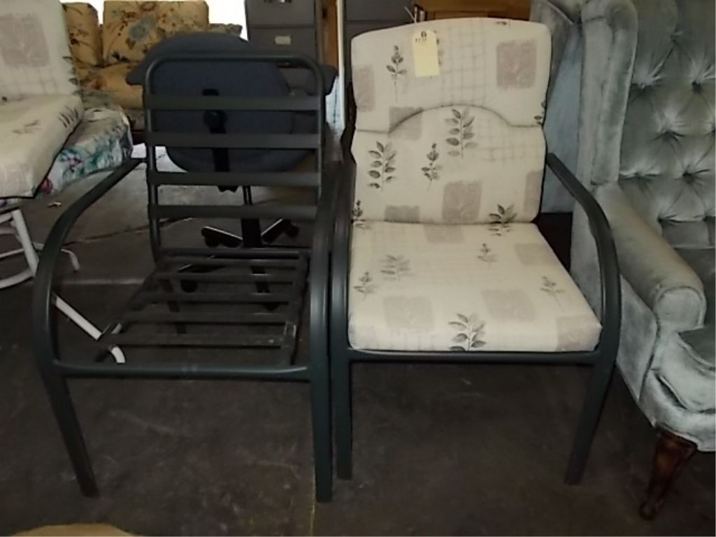 Metal Lawn Chairs With Strap & Cushions good condition both chairs in good condition as is the cushions.
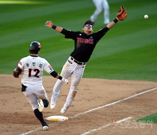 9회말 무사 2루 KT 보내기번트 때 LG 정주현이 악송구된 볼을 놓치고 있다.
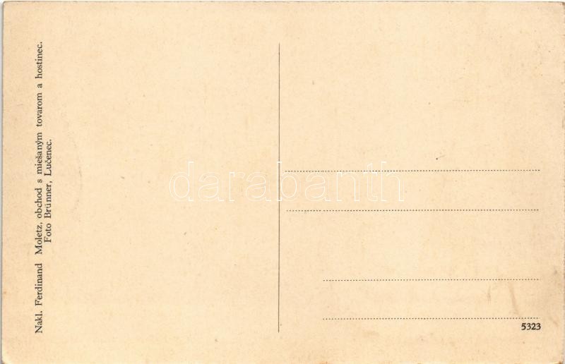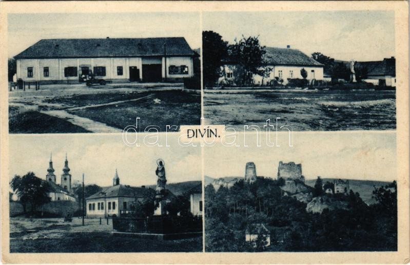 Divény, Diwein, Divín; vár, községháza, üzlet, autó. Ferdinand Moletz, Foto Brünner / castle, town hall, shop, sutomobile
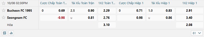 Tip kèo Châu Á hiệp 1 Bucheon FC vs Seongnam FC
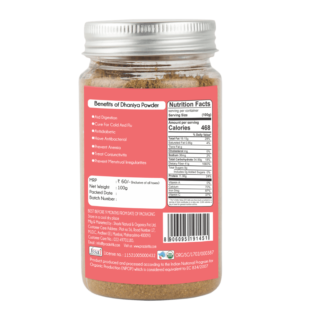 Consumption of Organic Dhaniya powder can Aid Digestion, It is also a Cure for cold and Flu. It has many Antidiabetic & Antibacterial Properties. It helps Prevent Anemia,Treat Conjunctivitis and prevents Menstrual Irregularities.
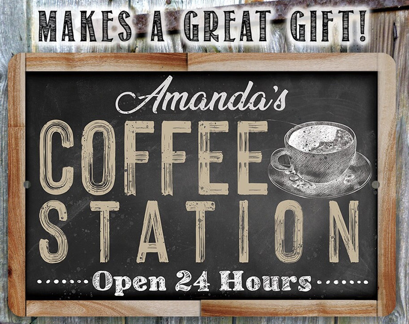 Tin – Personalized Metal Sign – Coffee Station Open 24 Hours (Chalkboard Look) – 8"" or 12"" Use Indoor/Outdoor -Coffee Shop Decor
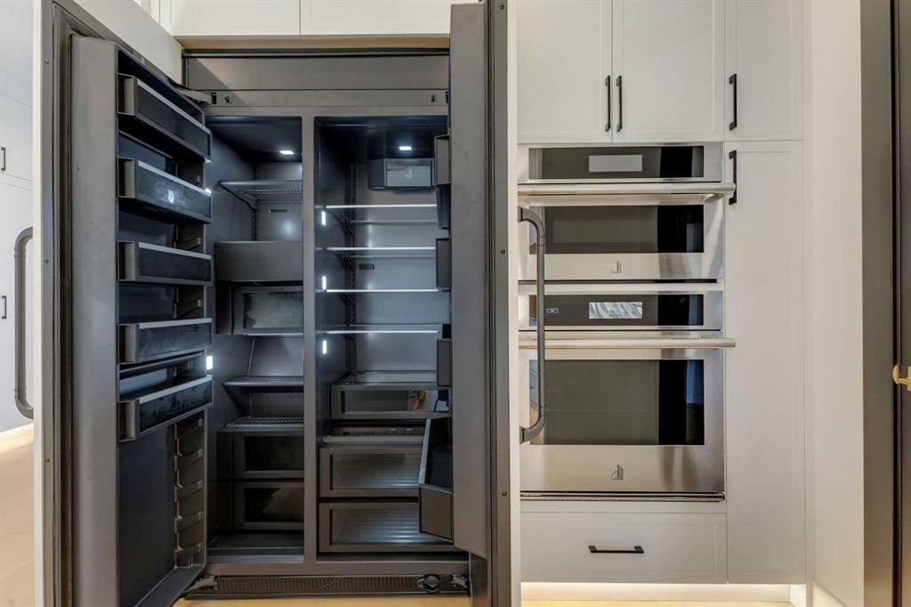 At the centre of the home, the kitchen stands as both a statement piece and a highly functional workspace. Quartz countertops, custom oak and white cabinetry, matte black fixtures, and a sculptural arched hood fan are complemented by a full JennAir appliance package, including a gas range. A pot filler and abundant storage support everyday use, while a hidden prep kitchen with a second sink, additional cabinetry, and open shelving allows the main kitchen to remain effortlessly clean and composed.
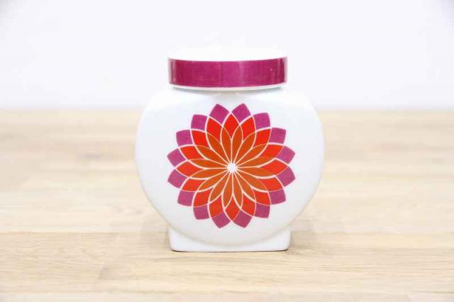 ドイツMelittaメリタ社製ヴィンテージのシュガーポット。ダリアのような大輪のフラワーモチーフが印象的。カラーグラデーションも美しいです。ちょっとした小物入れにも代用できそうです。
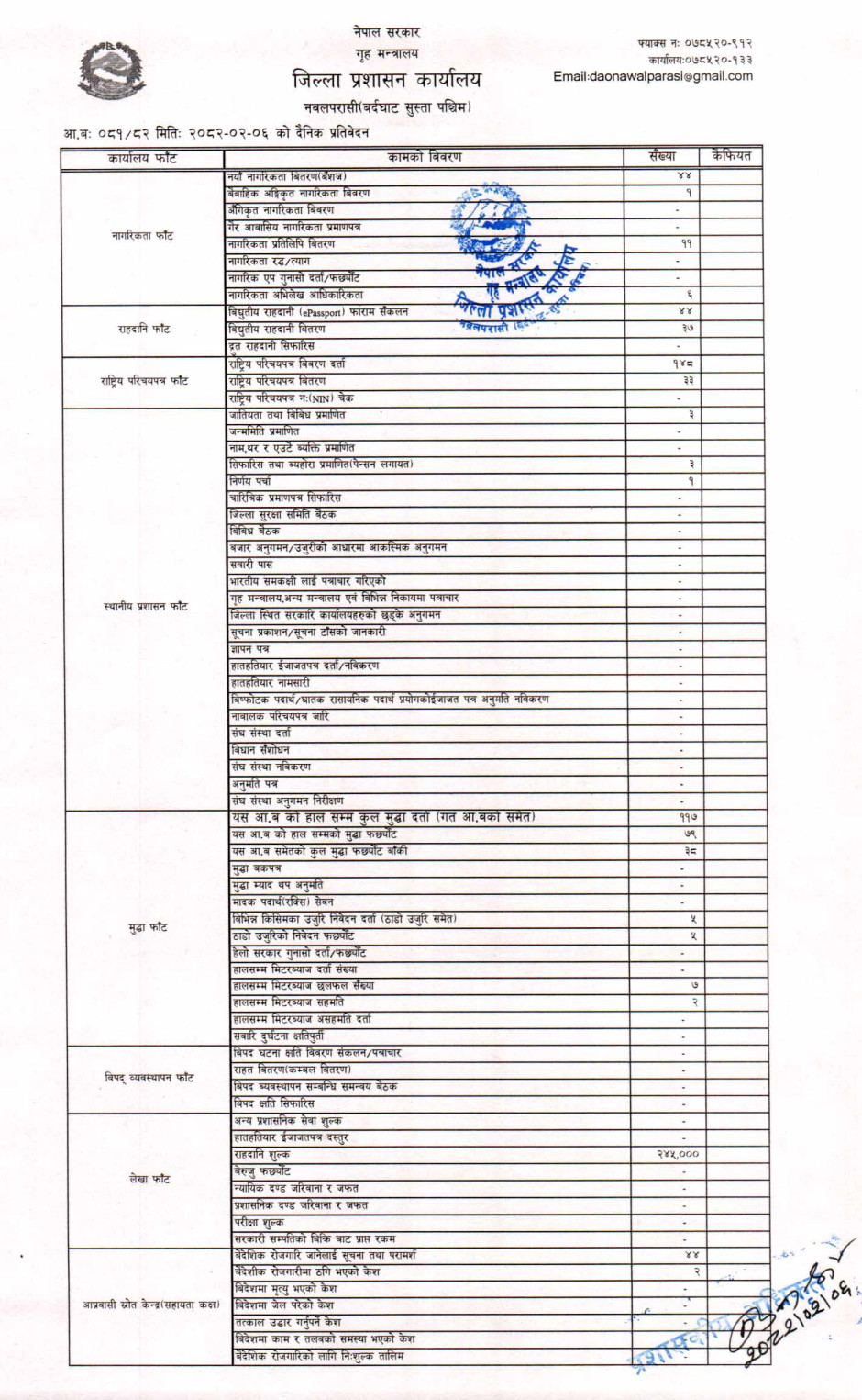 तस्बिर : मिति २०८२।०२।०६ गतेका दिन सम्पादित गरिएका कार्यको संख्यात्मक विवरण
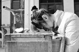 父親托村里的木匠為郭向鴿打造了一架特殊的“小車”——全身木質(zhì)結構,主體是一個木頭椅子,座位上有一個能打開的洞,便于郭向鴿上廁所;兩側安裝了擋板,防止她跌落;面前是一張小桌板,桌板上有一個固定飯碗的卡槽;下面還有一個小抽屜。“小車”下方有4個輪子,椅子靠背和桌板一側各有一個把手,是用來移動“小車”的。輪子只能直來直去,需要拐彎時,只能費力地抬起扶手,把小車整個扭轉個方向,再推著繼續(xù)前進。“小車”的制作雖然粗糙,每一個細節(jié)卻十分人性化。從小到大,這樣的小車郭向鴿已經(jīng)坐壞了好幾輛。隨著郭向鴿的成長和護理經(jīng)驗的積累,父親不斷改進“小車”,最終形成了現(xiàn)在的模樣。每天早晨,郭向鴿醒來后,母親就艱難地將她從床上扶到小車上,晚上睡覺時再扶到床上。郭向鴿的吃喝拉撒都在小車上完成,這樣的日子已經(jīng)過了25年。有時候,當冬天的陽光灑進庭院,母親就會推郭向鴿出來曬曬太陽。但是,如果要推她出院門,郭向鴿是說什么都不會同意的。
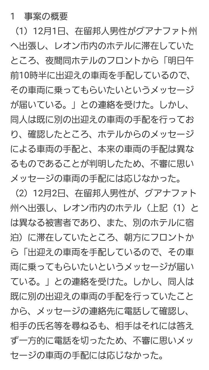 以下の通り、グアナファト州レオン市において邦人出張者が滞在中のホテルにおいて、誘拐を意図した可能性もある不審電話を受けるといった被害が2件発生したことから、注意喚起します。
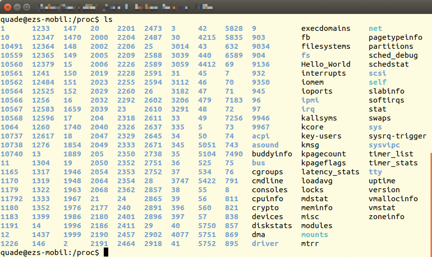 The /proc filesystem is also useful for your first steps in kernel programming: With fewer than 50 lines of code, you can make the compiler generate a module that outputs the famous "Hello World" string when accessing a proc file (Listing 1).
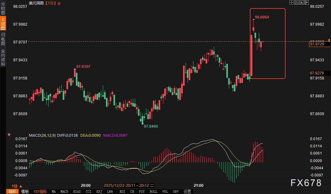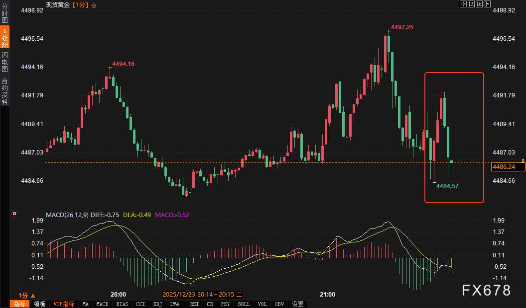 数据公布后,金融市场反应迅速且剧烈。美元指数(DXY)应声冲高,短线最高触及98.0064,但涨势未能持久,迅速回落至97.9345附近。现货黄金的反应则更为典型地体现了“买预期,卖事实”与数据矛盾解读的交织:金价先是短线急挫,最低触及4484.41美元/盎司,随后快速反弹,收复大部分失地,最新报价回升至4488.39美元/盎司,在分时图上呈现显著的“V型”震荡。
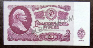 ГлавнаяБАНКНОТЫСССР и Россия → 25 рублей 1961 год. Пресс. UNC.
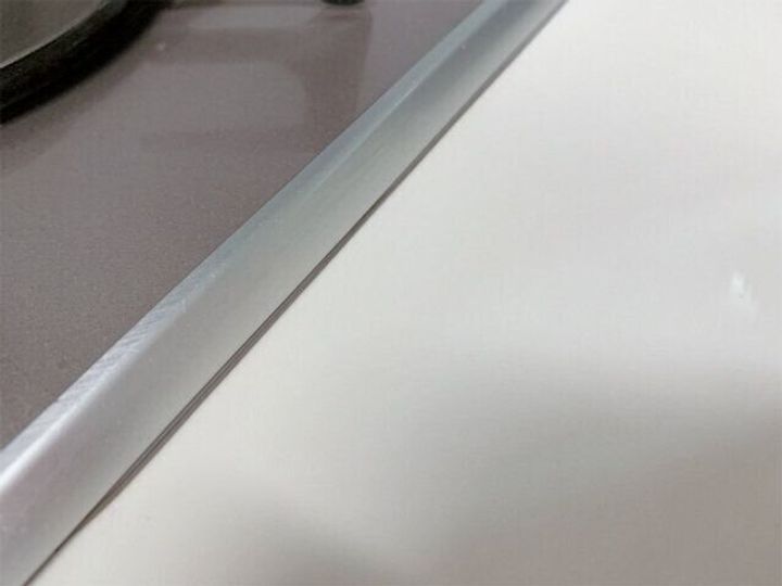 我が家はガスコンロですが、コンロと作業台の間の隙間にクズが溜まるのが気になっていました。そこで、SNSで見かけたIHの隙間汚れをガードするシリコーン製ヒモをかませる予防掃除をしてみました。
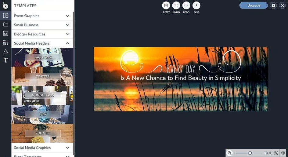 The Graphic Designer has a wide range of social media templates, including for each platform. What’s most exciting, however, is the fact that you can resize any template to your required dimensions. This means you can quickly and easily turn a Facebook post image you created into one that’s perfectly resized for sharing on Twitter, Instagram, or Pinterest too. This will save you so much time!
------
_What the task asks_. Write down exactly what the lines above say, from the line holding "At the centre" through the line holding "以下の通り、グアナファト州レ", and nothing more. Do not copy the pictures.

_Expected answer_.
 At the centre of the home, the kitchen stands as both a statement piece and a highly functional workspace. Quartz countertops, custom oak and white cabinetry, matte black fixtures, and a sculptural arched hood fan are complemented by a full JennAir appliance package, including a gas range. A pot filler and abundant storage support everyday use, while a hidden prep kitchen with a second sink, additional cabinetry, and open shelving allows the main kitchen to remain effortlessly clean and composed.
 ドイツMelittaメリタ社製ヴィンテージのシュガーポット。ダリアのような大輪のフラワーモチーフが印象的。カラーグラデーションも美しいです。ちょっとした小物入れにも代用できそうです。
 तस्बिर : मिति २०८२।०२।०६ गतेका दिन सम्पादित गरिएका कार्यको संख्यात्मक विवरण
 父親托村里的木匠為郭向鴿打造了一架特殊的“小車”——全身木質(zhì)結構,主體是一個木頭椅子,座位上有一個能打開的洞,便于郭向鴿上廁所;兩側安裝了擋板,防止她跌落;面前是一張小桌板,桌板上有一個固定飯碗的卡槽;下面還有一個小抽屜。“小車”下方有4個輪子,椅子靠背和桌板一側各有一個把手,是用來移動“小車”的。輪子只能直來直去,需要拐彎時,只能費力地抬起扶手,把小車整個扭轉個方向,再推著繼續(xù)前進。“小車”的制作雖然粗糙,每一個細節(jié)卻十分人性化。從小到大,這樣的小車郭向鴿已經(jīng)坐壞了好幾輛。隨著郭向鴿的成長和護理經(jīng)驗的積累,父親不斷改進“小車”,最終形成了現(xiàn)在的模樣。每天早晨,郭向鴿醒來后,母親就艱難地將她從床上扶到小車上,晚上睡覺時再扶到床上。郭向鴿的吃喝拉撒都在小車上完成,這樣的日子已經(jīng)過了25年。有時候,當冬天的陽光灑進庭院,母親就會推郭向鴿出來曬曬太陽。但是,如果要推她出院門,郭向鴿是說什么都不會同意的。
 以下の通り、グアナファト州レオン市において邦人出張者が滞在中のホテルにおいて、誘拐を意図した可能性もある不審電話を受けるといった被害が2件発生したことから、注意喚起します。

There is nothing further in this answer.